65. A vector comprising the rAAV vector of any one of claims 54-64.

66. The vector of claim 65, wherein the vector is a plasmid or a baculovirus vector.

67. A cell comprising the rAAV vector of any one of claims 54-64 or the vector of claim 65 or 66.

68. A recombinant adeno-associated virus (rAAV), the rAAV comprising:

(a) A self-complementary rAAV genome comprising:

(i)5'ITR

(ii) A human short SMN promoter comprising the nucleotide sequence of SEQ ID No. 5;

(iii) A codon optimized nucleic acid sequence encoding SMN1 as shown in SEQ ID No. 1;

(iv) poly a tail; and

(V) 3' ITR; and

(B) AAV9 capsid protein.

69. The rAAV of claim 68, wherein the poly a tail is a rabbit globin poly a tail or a BGH poly a tail.

70. The rAAV of claim 68 or 69, further comprising one or more miR-122 binding sites.

71. A recombinant adeno-associated virus (rAAV), comprising:

(i) The recombinant adeno-associated virus (rAAV) vector of any one of claims 54-65, and

(Ii) At least one AAV capsid protein.

72. The rAAV of claim 71, wherein the rAAV is a self-complementary AAV (scAAV).

73. The rAAV of claim 71 or 72, wherein the at least one AAV capsid protein is an AAV2, AAV3, AAV4, AAV5, AAV6, AAV7, AAV8, or AAV9 capsid protein, or variant thereof.

74. The rAAV of any one of claims 71-73, wherein the at least one AAV capsid protein is an AAV9 capsid protein.

75. A method for preventing or treating Spinal Muscular Atrophy (SMA) in a subject, the method comprising administering the rAAV vector of any one of claims 54-64 or the rAAV of any one of claims 71-74 to the subject.

76. The method of claim 75, wherein the subject is a mammal.

77. The method of claim 75 or 76, wherein the subject is a human.

78. The method of any one of claims 75-77, wherein the subject has one or more mutations in the SMN1 gene.

79. The method of any one of claims 75-78, wherein the administering comprises systemic injection or local injection.

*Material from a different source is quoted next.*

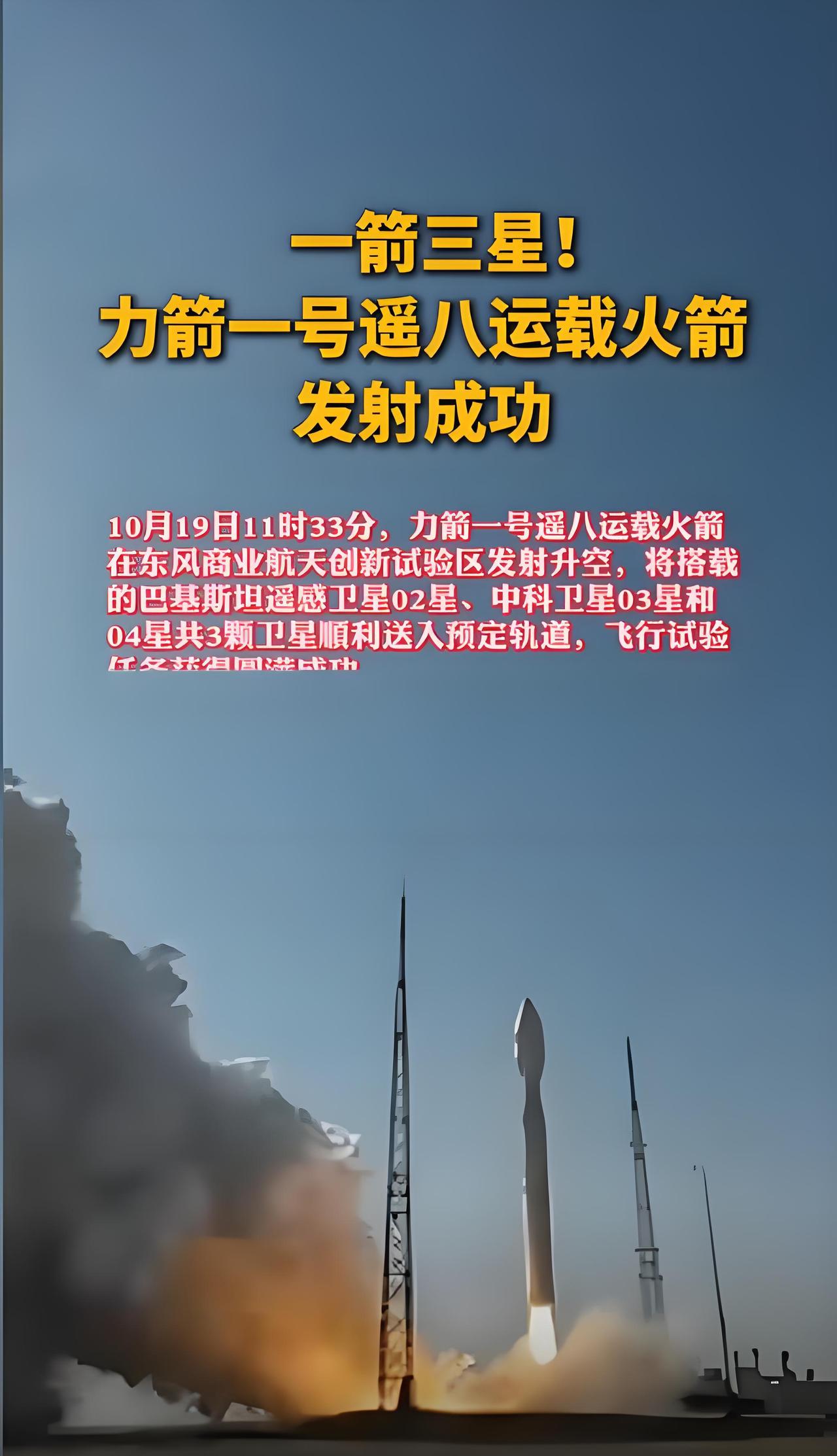 祝贺!刚刚!我国成功发射!10月19日11时33分,我国在东风商业航天创新试

80. The method of claim 79, wherein the systemic injection comprises intravenous injection.

81. The method of any one of claims 75-80, wherein the administering comprises injection to the Central Nervous System (CNS) of the subject.

82. The method of any one of claims 75-81, wherein the administration results in a reduced amount of Dorsal Root Ganglion (DRG) toxicity in the subject relative to administration of a rAAV comprising a constitutive promoter operably linked to a wild-type SMN1 coding sequence to the subject.

83. The method of any one of claims 75-82, wherein the administration results in reduced hepatotoxicity in the subject relative to administration of an AAV vector comprising a constitutive promoter operably linked to a nucleic acid encoding human SMN 1.

84. The method of any one of claims 75-83, wherein the administration results in a reduction in complications associated with SMA.

85. The method of any one of claims 74-83, wherein the administration results in an increase in survival of the subject relative to administration to the subject of an AAV vector comprising a constitutive promoter operably linked to a nucleic acid encoding human SMN 1.

86. The method of claim 84, wherein the complication of SMA comprises a lung infection, spinal deformity (e.g., scoliosis, hip subluxation/dislocation), joint contracture, or respiratory failure.